TASK DETAILS:
Everything in the records must appear again exactly, except the images.
:: DATA UNDER STUDY
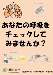 福山大学薬学部の教員で組織されている「広島びんごフィジカルアセスメント研究会」は、「あなたの肺年齢は!あなたの呼吸をチェックしてみませんか?COPDとは?」をテーマに参加しました。 また、9月の学長室ブログ「コンケン大学(タイ)薬学生の日本での実務実習を支援しています!」で紹介されたコンケン大学薬学部6年生の3名も実務実習の一環として参加しました。
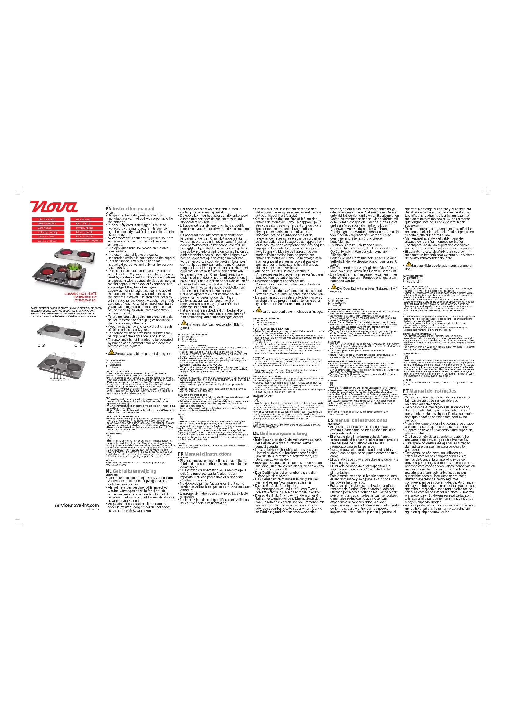 - N'immergez jamais l'appareil dans l'eau ni aucun autre liquide. L'appareil ne peut pas être nettoyé en lave-vaisselle.ENVIRONNEMENTCet appareil ne doit pas être jeté avec les déchets ménagers à lafin de sa durée de vie, il doit être remis à un centre de recyclage pour lesappareils électriques et électroniques. Ce symbole sur l'appareil, lemanuel d'utilisation et l'emballage attire votre attention sur un pointimportant. Les matériaux utilisés dans cet appareil sont recyclables. Enrecyclant vos appareils, vous contribuez de manière significative à laprotection de notre environnement. Renseignez-vous auprès des autoritéslocales pour connaître les centres de collecte des déchets.SupportVous pouvez trouver toutes les informations et pièces de rechange surhttp://service.nova-int.com ! DEBedienungsanleitung SICHERHEIT
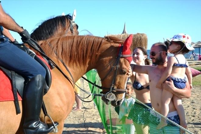 Özel eğitimli atların duruşu ve asaleti plajlarda dikkat çekiyor. Turistlerin de onlarla anı fotoğrafı ve selfie çektikleri gözleniyor.
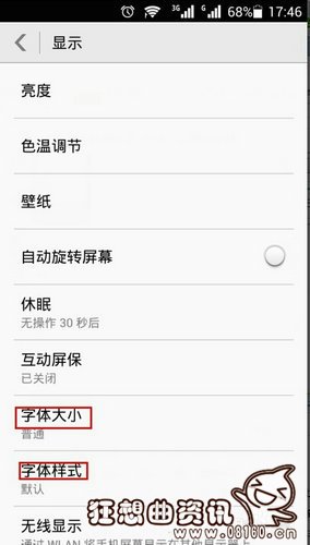 3、就会看到“字体大小”跟“字体样式”两个选项。这也就是修改华为手机字体的地方了。
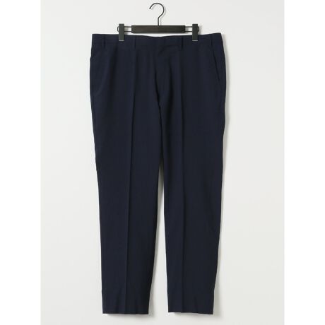 キチンと見えするルックスと楽ちんな穿き心地を兼ね備えた、ノータックのテーパードパンツです。ウエストストレッチで着脱もスムーズ、着席時も窮屈感がありません。センタープレス加工、前ボタン・ホック式、フロントファスナー、ベルト通し付き、前後ポケット付き、裾部分は加工済みです。(股下75cm・シングル仕上げ)
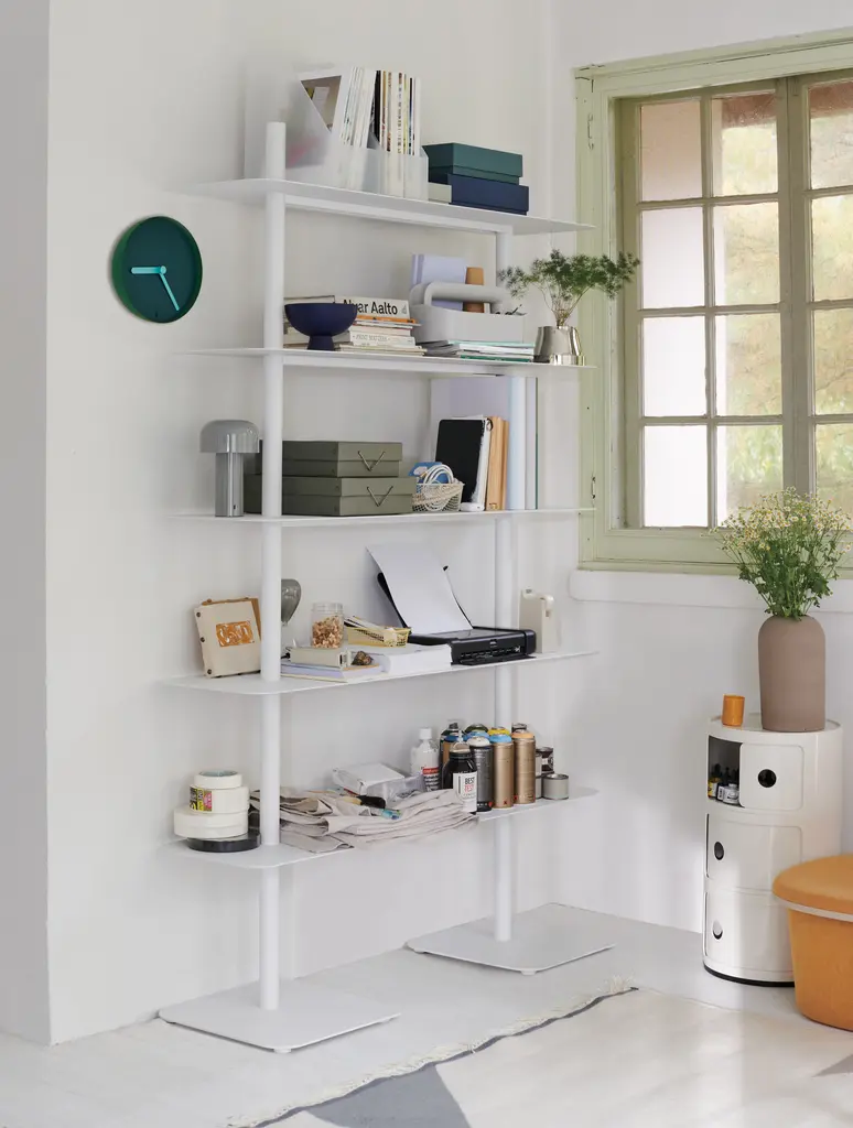 A fresh addition to the Story Collection, the Story Shelving Unit (2021) features clean lines and a compact footprint for maximizing space to store and display books and accessories. Composed of two columns and five slim shelves that almost seem to float, it's crafted of sturdy powder-coated steel and aluminum. Comes with wall-mounted tip restraints. Simple assembly required; ships in multiple boxes for easy handling. Made in Taiwan.
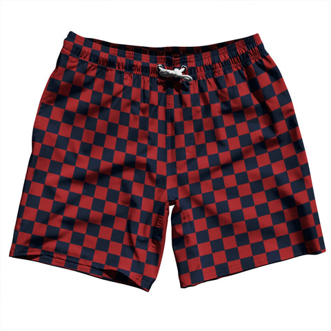 Product Story: Checkerboard 1 Inch Blue Navy and Red Dark Swim Shorts 7" Made in USAProduct Description: Checkerboard 1 Inch Blue Navy and Red Dark Swim Shorts 7" Made in USA 7'' Inseam & 20" Tall Swim Trunks Board Shorts Bathing Suits Swim Suits Quick Drying Material Stretch Polyester Elastic Waistband Drawstring Side Pockets Made In USA
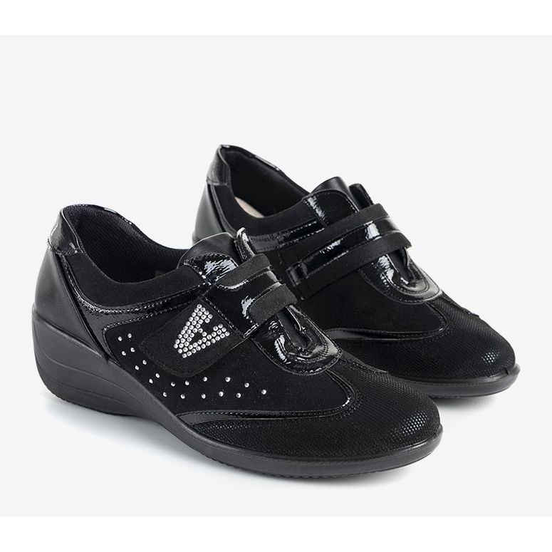 Découvrez l'élégance et le confort avec les chaussures compensées noires Merante, parfaites pour les femmes modernes qui apprécient le style et le confort. Fabriquées en éco-cuir suédé de haute qualité, ces chaussures se caractérisent par de subtiles décorations en éco-cuir verni et strass, qui leur confèrent un charme unique.
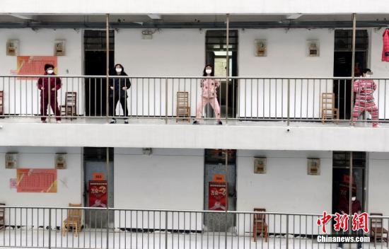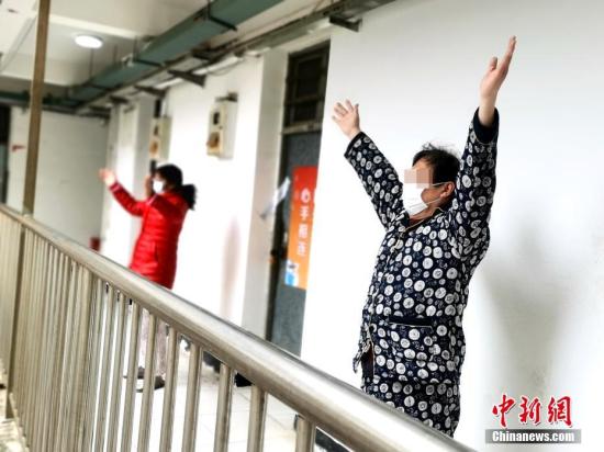 中新社武漢2月29日電 記者楊程晨 29日中午,作為康復(fù)期患者隔離點(diǎn)的武漢軟件工程職業(yè)學(xué)院5棟宿舍樓響起了音樂(lè),人們戴上口罩走出房門(mén),站在“口”字型走廊上練起八段錦和太極拳。
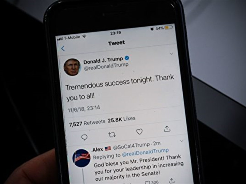 特朗普在担任美国总统期间,在Twitter上拥有大量追随者。不过,2021年1月6日,特朗普因号召支持者前往华府抗议,导致国会大楼被占据,酿成死伤,特朗普帐户被Twitter永久封锁。
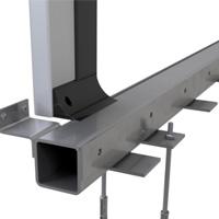 Башмаки устанавливаются через широкие пластины AISI304 с разнесенными точками крепления в пол, что позволяет исключить выкрашивание бетона и распределить нагрузку.
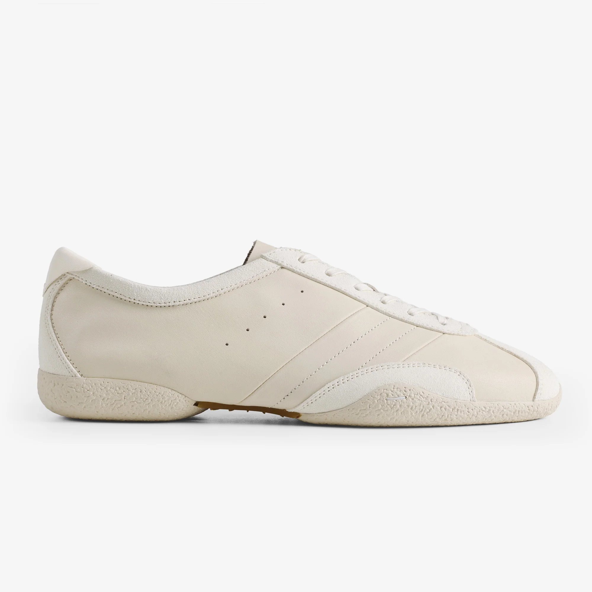 Washed wax-textured leather, suede, and chrome-free leather in pure white create a soft, refined finish. Unlined construction highlights the authentic feel of leather—supple yet supportive. Leather-faced insole with 5mm Ortholite and a cork midsole enhances comfort, while the updated one-piece rubber outsole offers a softer, foot-hugging fit. The elongated, arch-tapered silhouette completes the elegant profile.
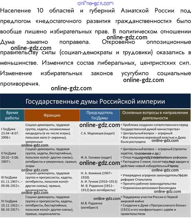 Готовые домашние задания по Истории за 11 класс Учебник Загладин, Петров Инновационная школа Базовый уровень 2014 - Вопросы и задания §6. Третьеиюньская монархия и реформы П.А. Столыпина 3
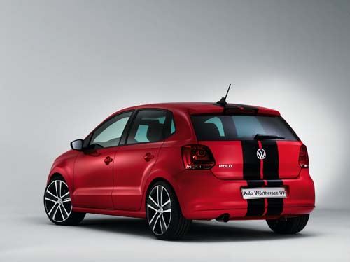 與Golf GTI相似,這部Polo亦採用紅色車身塗裝,但使用的「Flash Red」漆料則與「Firespark Metiallic」不同,另外則追加了兩條縱貫車身的黑色彩帶塗裝。輪圈則換上了名為Budapest的特製18吋輕合金輪圈,巧妙填滿了Polo的輪拱;輪圈與車身構成的紅黑對比更是成為讓人興奮的場景;除了車身上的黑色彩帶之外,水箱罩、後視鏡外蓋以及前保桿進氣口等部位均採用黑色塗裝,以強化視覺上的對比;此外排氣系統也刻意調校出更具運動感的聲浪。
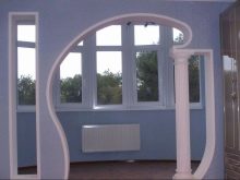 Balconies with an arch leading onto the living room can be decorated with large interesting columns. This is a pompous and luxurious option that is perfect for decorating a room in a classic style. A very inexpensive finish option is painting. In this case, the arch must first be plastered, and then covered with several layers of paint. And It is better if the color of the paint is combined with the color scheme of the rooms connected by the passage.
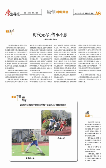 上海市商业学校 程睿佳 小时候我总疑惑,外婆为什么可以一整天都待在那个水墨味的房间——陈列着各式各样木质、竹制的扇骨,在旁边是一叠扇面——上面什么也没有,又好似什么都有。另一边是各色染料,水墨、金丝、玉珠。成品的扇子挂了满墙。 回忆起外婆制扇:她的手如素云般将扇面轻展,拈起如仙蝶般的兰花指,将扇骨、扇面黏合,把玉珠自然地落在扇柄末端。左手把扇,泼洒画意;右手轻舞,落笔两行。 想起那一年,外婆受邀参展后又载誉而归,我翻看她的作品时,发现画的尽是山水、花鸟,对此我很疑惑,感觉与“我的祖国”的参赛主题好像关联不大嘛。 随着我年龄的增长,我越来越感受到我的祖国是具体可感的,是可以依靠的,是足以令我们心生自豪的。她是巍峨蜿蜒的万里长城,是直冲云霄的神舟飞船,是袁隆平为解决国人吃饭问题呕心沥血研发的万顷良田……特别是看到那句——“也许,现在的中国护照还不能带你去世界上任何一个地方。但是,它能从任何一个地方接你回家!”当战争和灾难来临时,祖国的飞机接回原本无助的受困同胞,你会对“祖国”有了别样的感性认识,那是由心底深处升腾起来的骄傲与满足,是对生活在这片土地上的自豪与幸福! 但,我还是没想通外婆的作品如何契合“我的祖国”这个主题。 直到我参加市古诗文阅读大赛,老师引用习主席的一番话来强调古诗文学习的重要性:“这些诗词从小就嵌在学生们的脑子里,会成为终生的民族文化基因。”我似乎有点明白了:困难前阻时,我会想到“山重水复疑无路,柳暗花明又一村”;失意沮丧时,“何妨吟啸且徐行”回荡在耳畔;懒惰懈怠时,“莫等闲,白了少年头”犹如鞭策。诗词歌赋中的传统文化潜移默化地滋养着我们的身心,影响了一代又一代人。那这样看来,带给外婆一生幸福美好的手艺是不是也像古诗词一样呢?她画的梅兰竹菊代表的是正直、无畏、谦逊、文雅,是中国传统的文化意象和精神财富。原来,外婆高兴的不只是她的手艺得到人们的赞赏,而是传统的文化瑰宝得到人们的接纳与认可。 当祖国用各方面成就向世界展示经济稳定发展的硬实力时,精神世界的提升也尤为重要,而这与祖国优秀传统文化的传承密不可分。因为这是我们民族发展的根本,是习主席所认为的“最深厚的软实力”,是祖国能日新月异、长久发展的有力保证。近年来,汉服的复兴让更多年轻人了解并感受到属于中国传统服饰文化的独特魅力;故宫博物院的文创产品深受人们喜爱,这为故宫文化的传播推波助澜;“诗词大会”更是燃起了大家学习诗词的满腔热情……我相信,这些优秀传统文化的弘扬必将丰富人们的精神生活,推动整个社会的健康发展。 现在,我有时也会像外婆一样流连在那间满是墨香的房间,试着向更多朋友宣传和推广,用自己的努力一点一点完成她的心愿。
::::
RESPONSE TO THE EXERCISE:
 福山大学薬学部の教員で組織されている「広島びんごフィジカルアセスメント研究会」は、「あなたの肺年齢は!あなたの呼吸をチェックしてみませんか?COPDとは?」をテーマに参加しました。 また、9月の学長室ブログ「コンケン大学(タイ)薬学生の日本での実務実習を支援しています!」で紹介されたコンケン大学薬学部6年生の3名も実務実習の一環として参加しました。
 - N'immergez jamais l'appareil dans l'eau ni aucun autre liquide. L'appareil ne peut pas être nettoyé en lave-vaisselle.ENVIRONNEMENTCet appareil ne doit pas être jeté avec les déchets ménagers à lafin de sa durée de vie, il doit être remis à un centre de recyclage pour lesappareils électriques et électroniques. Ce symbole sur l'appareil, lemanuel d'utilisation et l'emballage attire votre attention sur un pointimportant. Les matériaux utilisés dans cet appareil sont recyclables. Enrecyclant vos appareils, vous contribuez de manière significative à laprotection de notre environnement. Renseignez-vous auprès des autoritéslocales pour connaître les centres de collecte des déchets.SupportVous pouvez trouver toutes les informations et pièces de rechange surhttp://service.nova-int.com ! DEBedienungsanleitung SICHERHEIT
 Özel eğitimli atların duruşu ve asaleti plajlarda dikkat çekiyor. Turistlerin de onlarla anı fotoğrafı ve selfie çektikleri gözleniyor.
 3、就会看到“字体大小”跟“字体样式”两个选项。这也就是修改华为手机字体的地方了。
 キチンと見えするルックスと楽ちんな穿き心地を兼ね備えた、ノータックのテーパードパンツです。ウエストストレッチで着脱もスムーズ、着席時も窮屈感がありません。センタープレス加工、前ボタン・ホック式、フロントファスナー、ベルト通し付き、前後ポケット付き、裾部分は加工済みです。(股下75cm・シングル仕上げ)
 A fresh addition to the Story Collection, the Story Shelving Unit (2021) features clean lines and a compact footprint for maximizing space to store and display books and accessories. Composed of two columns and five slim shelves that almost seem to float, it's crafted of sturdy powder-coated steel and aluminum. Comes with wall-mounted tip restraints. Simple assembly required; ships in multiple boxes for easy handling. Made in Taiwan.
 Product Story: Checkerboard 1 Inch Blue Navy and Red Dark Swim Shorts 7" Made in USAProduct Description: Checkerboard 1 Inch Blue Navy and Red Dark Swim Shorts 7" Made in USA 7'' Inseam & 20" Tall Swim Trunks Board Shorts Bathing Suits Swim Suits Quick Drying Material Stretch Polyester Elastic Waistband Drawstring Side Pockets Made In USA
 Découvrez l'élégance et le confort avec les chaussures compensées noires Merante, parfaites pour les femmes modernes qui apprécient le style et le confort. Fabriquées en éco-cuir suédé de haute qualité, ces chaussures se caractérisent par de subtiles décorations en éco-cuir verni et strass, qui leur confèrent un charme unique.
 中新社武漢2月29日電 記者楊程晨 29日中午,作為康復(fù)期患者隔離點(diǎn)的武漢軟件工程職業(yè)學(xué)院5棟宿舍樓響起了音樂(lè),人們戴上口罩走出房門(mén),站在“口”字型走廊上練起八段錦和太極拳。
 特朗普在担任美国总统期间,在Twitter上拥有大量追随者。不过,2021年1月6日,特朗普因号召支持者前往华府抗议,导致国会大楼被占据,酿成死伤,特朗普帐户被Twitter永久封锁。
 Башмаки устанавливаются через широкие пластины AISI304 с разнесенными точками крепления в пол, что позволяет исключить выкрашивание бетона и распределить нагрузку.
 Washed wax-textured leather, suede, and chrome-free leather in pure white create a soft, refined finish. Unlined construction highlights the authentic feel of leather—supple yet supportive. Leather-faced insole with 5mm Ortholite and a cork midsole enhances comfort, while the updated one-piece rubber outsole offers a softer, foot-hugging fit. The elongated, arch-tapered silhouette completes the elegant profile.
 Готовые домашние задания по Истории за 11 класс Учебник Загладин, Петров Инновационная школа Базовый уровень 2014 - Вопросы и задания §6. Третьеиюньская монархия и реформы П.А. Столыпина 3
 與Golf GTI相似,這部Polo亦採用紅色車身塗裝,但使用的「Flash Red」漆料則與「Firespark Metiallic」不同,另外則追加了兩條縱貫車身的黑色彩帶塗裝。輪圈則換上了名為Budapest的特製18吋輕合金輪圈,巧妙填滿了Polo的輪拱;輪圈與車身構成的紅黑對比更是成為讓人興奮的場景;除了車身上的黑色彩帶之外,水箱罩、後視鏡外蓋以及前保桿進氣口等部位均採用黑色塗裝,以強化視覺上的對比;此外排氣系統也刻意調校出更具運動感的聲浪。
 Balconies with an arch leading onto the living room can be decorated with large interesting columns. This is a pompous and luxurious option that is perfect for decorating a room in a classic style. A very inexpensive finish option is painting. In this case, the arch must first be plastered, and then covered with several layers of paint. And It is better if the color of the paint is combined with the color scheme of the rooms connected by the passage.
 上海市商业学校 程睿佳 小时候我总疑惑,外婆为什么可以一整天都待在那个水墨味的房间——陈列着各式各样木质、竹制的扇骨,在旁边是一叠扇面——上面什么也没有,又好似什么都有。另一边是各色染料,水墨、金丝、玉珠。成品的扇子挂了满墙。 回忆起外婆制扇:她的手如素云般将扇面轻展,拈起如仙蝶般的兰花指,将扇骨、扇面黏合,把玉珠自然地落在扇柄末端。左手把扇,泼洒画意;右手轻舞,落笔两行。 想起那一年,外婆受邀参展后又载誉而归,我翻看她的作品时,发现画的尽是山水、花鸟,对此我很疑惑,感觉与“我的祖国”的参赛主题好像关联不大嘛。 随着我年龄的增长,我越来越感受到我的祖国是具体可感的,是可以依靠的,是足以令我们心生自豪的。她是巍峨蜿蜒的万里长城,是直冲云霄的神舟飞船,是袁隆平为解决国人吃饭问题呕心沥血研发的万顷良田……特别是看到那句——“也许,现在的中国护照还不能带你去世界上任何一个地方。但是,它能从任何一个地方接你回家!”当战争和灾难来临时,祖国的飞机接回原本无助的受困同胞,你会对“祖国”有了别样的感性认识,那是由心底深处升腾起来的骄傲与满足,是对生活在这片土地上的自豪与幸福! 但,我还是没想通外婆的作品如何契合“我的祖国”这个主题。 直到我参加市古诗文阅读大赛,老师引用习主席的一番话来强调古诗文学习的重要性:“这些诗词从小就嵌在学生们的脑子里,会成为终生的民族文化基因。”我似乎有点明白了:困难前阻时,我会想到“山重水复疑无路,柳暗花明又一村”;失意沮丧时,“何妨吟啸且徐行”回荡在耳畔;懒惰懈怠时,“莫等闲,白了少年头”犹如鞭策。诗词歌赋中的传统文化潜移默化地滋养着我们的身心,影响了一代又一代人。那这样看来,带给外婆一生幸福美好的手艺是不是也像古诗词一样呢?她画的梅兰竹菊代表的是正直、无畏、谦逊、文雅,是中国传统的文化意象和精神财富。原来,外婆高兴的不只是她的手艺得到人们的赞赏,而是传统的文化瑰宝得到人们的接纳与认可。 当祖国用各方面成就向世界展示经济稳定发展的硬实力时,精神世界的提升也尤为重要,而这与祖国优秀传统文化的传承密不可分。因为这是我们民族发展的根本,是习主席所认为的“最深厚的软实力”,是祖国能日新月异、长久发展的有力保证。近年来,汉服的复兴让更多年轻人了解并感受到属于中国传统服饰文化的独特魅力;故宫博物院的文创产品深受人们喜爱,这为故宫文化的传播推波助澜;“诗词大会”更是燃起了大家学习诗词的满腔热情……我相信,这些优秀传统文化的弘扬必将丰富人们的精神生活,推动整个社会的健康发展。 现在,我有时也会像外婆一样流连在那间满是墨香的房间,试着向更多朋友宣传和推广,用自己的努力一点一点完成她的心愿。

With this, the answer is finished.